(Information provided begins)

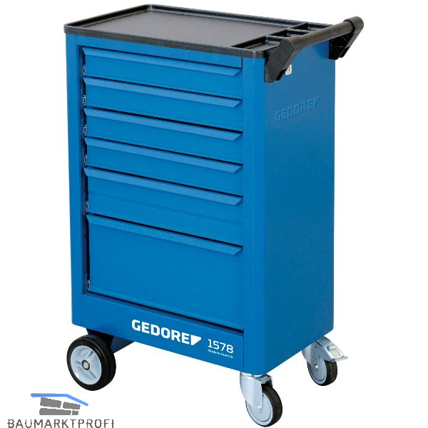 Sechs beidseitig ausziehbare Schubladen. Laden individuell unterteilbar, Zentralverriegelung mit Zylinderschloss, Arbeitsplattform aus ABS-Kunststoff mit 3 Kleinteilefächern,
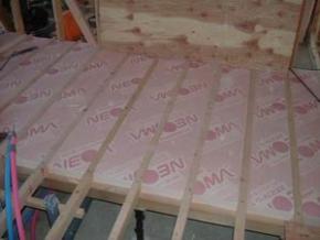 床の下にはピッチリと断熱材を敷き詰めます。これで外の冷気をシャットアウト!
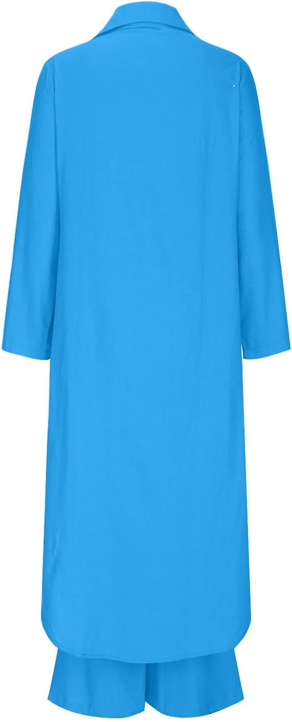 The Vivi Set consists of a long shirt dress and matching linen trousers – together they create a complete, airy look with a relaxed, luxurious feel. Made from 100% European linen, this set not only feels wonderfully cool against the skin but also offers a natural elegance that’s perfect for summer days and evenings.
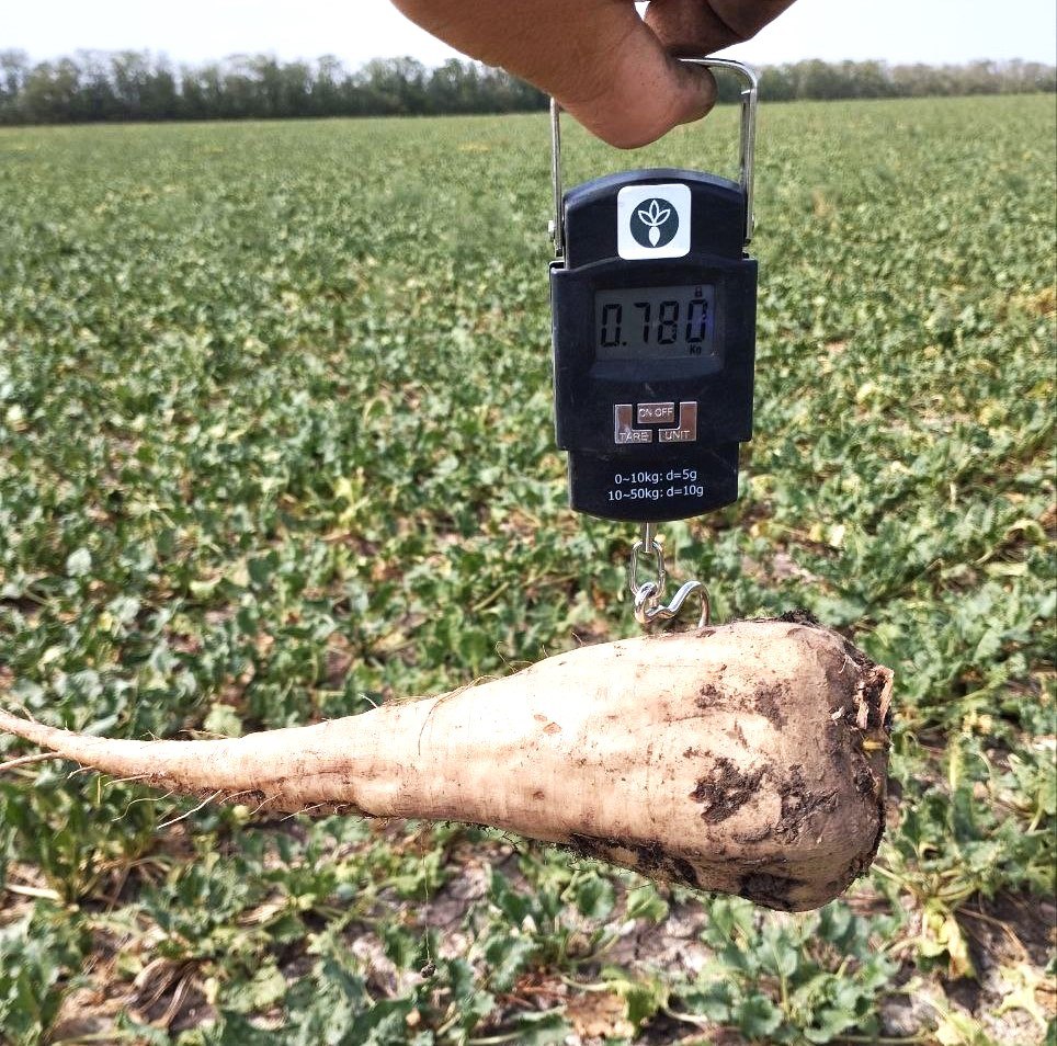 На видео и фото (ниже) представлен производственный участок площадью 43 га с гибридом «волна» в Отрадненском районе Краснодарского края. По состоянию на 03.09.2024 густота стояния растений составила — 110 тыс. шт./га, биологическая урожайность — 65 т/га. Фаза развития: смыкание междурядий. Гибрид «волна» сохраняет качество сока, сахаристость и массу в корнеплодах при высоких температурах — что актуально для южных областей — и длительном хранении.
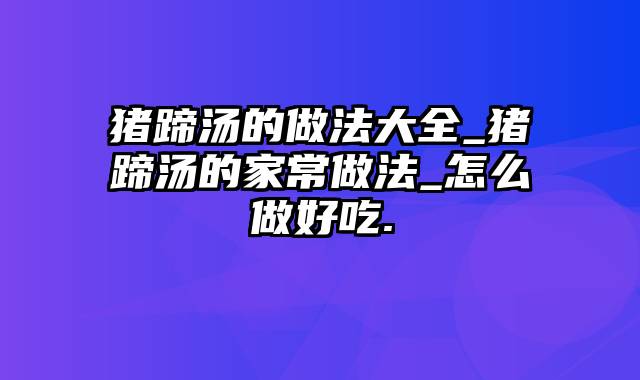 猪蹄汤的做法大全_猪蹄汤的家常做法_怎么做好吃.
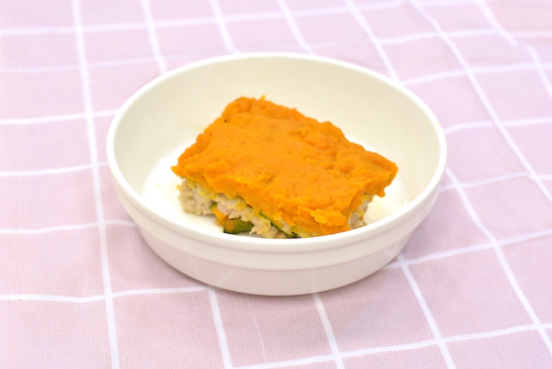 ⑤ バットにクッキングシートを敷き、南瓜Bを敷き詰め、④をいれて180°Cのオーブンで10分焼く。
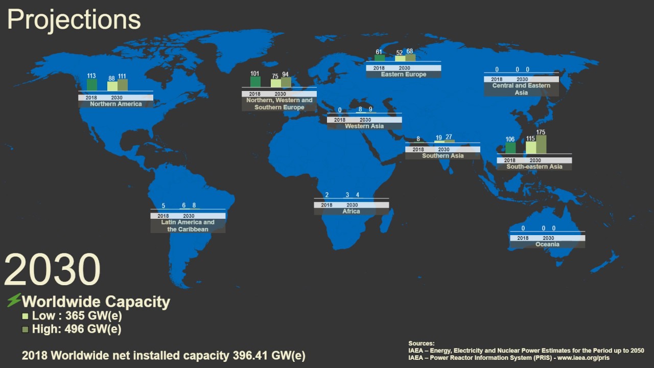 Prognózy Medzinárodnej agentúry pre atómovú energiu (MAAE) do roku 2030 naznačujú, že globálna kapacita výroby jadrovej energie by sa mohla znížiť približne o 8% alebo – v inom scenári – sa zvýšiť o 25%.
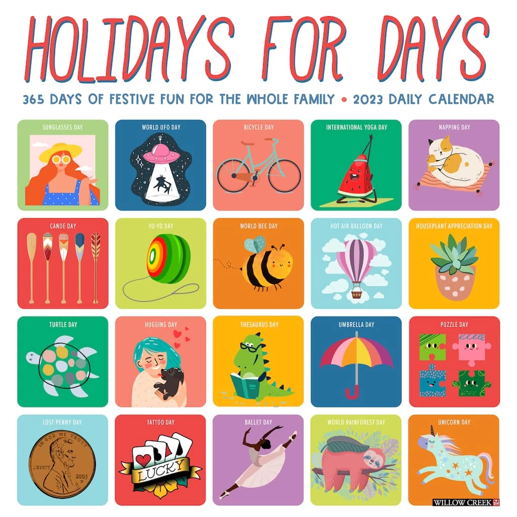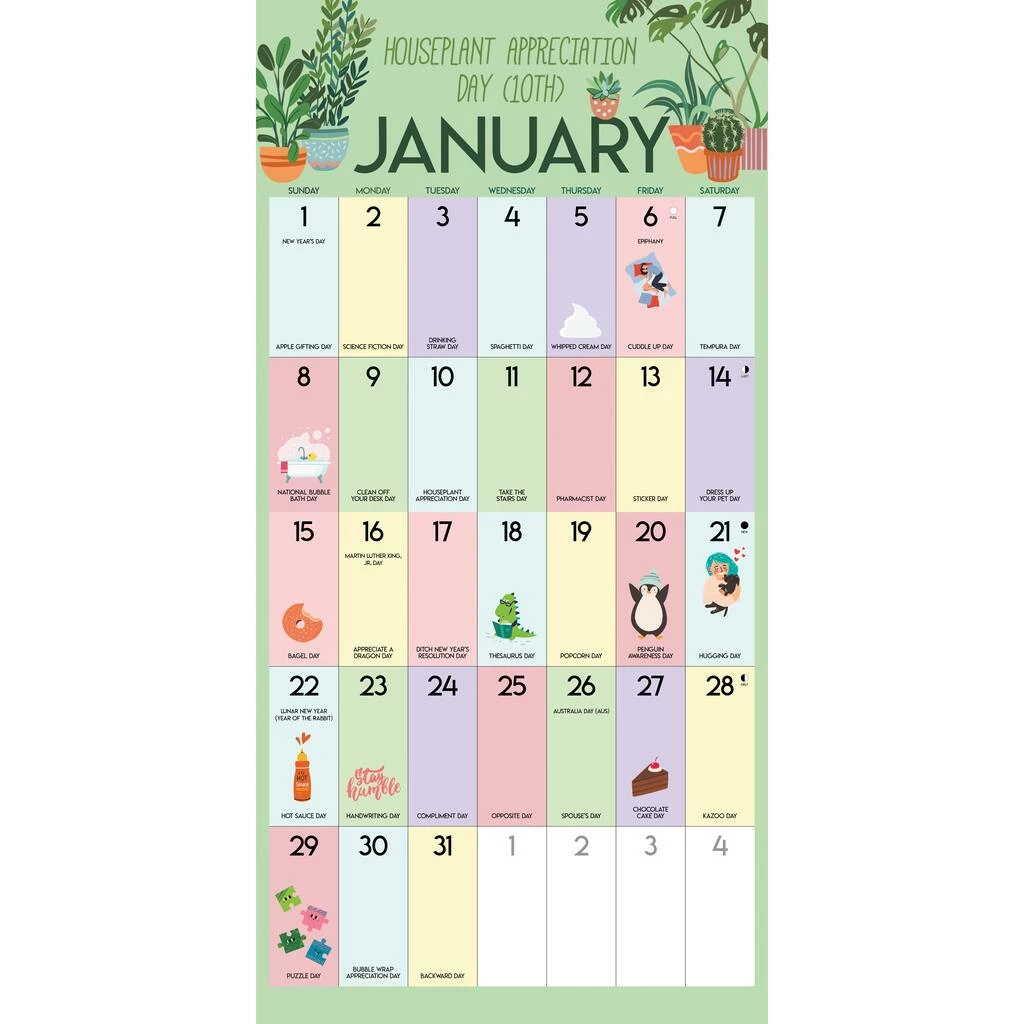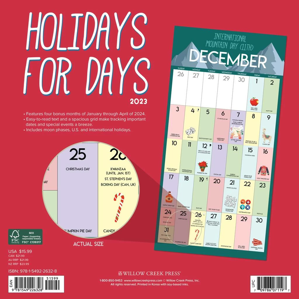 It’s easy to look forward to the day ahead when you know that every day is a holiday! Holidays for Days celebrates that each day is a gift. From Hot Sauce Day to Doughnut Day and VCR Day to Squirrel Appreciation Day, it’s the most fun you can have enjoying the present. Printed with soy-based inks on FSC certified paper, this 12″ x 12″ wall calendar features large monthly grids that offer ample room for jotting notes, along with six bonus months of July through December of 2022. Also includes moon phases (CST), standard U.S. and international holidays.

(Information provided ends)

- **Task directions**: Repeat all entries exactly. Skip the pictures.

- **Problem solution**:
 Sechs beidseitig ausziehbare Schubladen. Laden individuell unterteilbar, Zentralverriegelung mit Zylinderschloss, Arbeitsplattform aus ABS-Kunststoff mit 3 Kleinteilefächern,
 床の下にはピッチリと断熱材を敷き詰めます。これで外の冷気をシャットアウト!
 The Vivi Set consists of a long shirt dress and matching linen trousers – together they create a complete, airy look with a relaxed, luxurious feel. Made from 100% European linen, this set not only feels wonderfully cool against the skin but also offers a natural elegance that’s perfect for summer days and evenings.
 На видео и фото (ниже) представлен производственный участок площадью 43 га с гибридом «волна» в Отрадненском районе Краснодарского края. По состоянию на 03.09.2024 густота стояния растений составила — 110 тыс. шт./га, биологическая урожайность — 65 т/га. Фаза развития: смыкание междурядий. Гибрид «волна» сохраняет качество сока, сахаристость и массу в корнеплодах при высоких температурах — что актуально для южных областей — и длительном хранении.
 猪蹄汤的做法大全_猪蹄汤的家常做法_怎么做好吃.
 ⑤ バットにクッキングシートを敷き、南瓜Bを敷き詰め、④をいれて180°Cのオーブンで10分焼く。
 Prognózy Medzinárodnej agentúry pre atómovú energiu (MAAE) do roku 2030 naznačujú, že globálna kapacita výroby jadrovej energie by sa mohla znížiť približne o 8% alebo – v inom scenári – sa zvýšiť o 25%.
 It’s easy to look forward to the day ahead when you know that every day is a holiday! Holidays for Days celebrates that each day is a gift. From Hot Sauce Day to Doughnut Day and VCR Day to Squirrel Appreciation Day, it’s the most fun you can have enjoying the present. Printed with soy-based inks on FSC certified paper, this 12″ x 12″ wall calendar features large monthly grids that offer ample room for jotting notes, along with six bonus months of July through December of 2022. Also includes moon phases (CST), standard U.S. and international holidays.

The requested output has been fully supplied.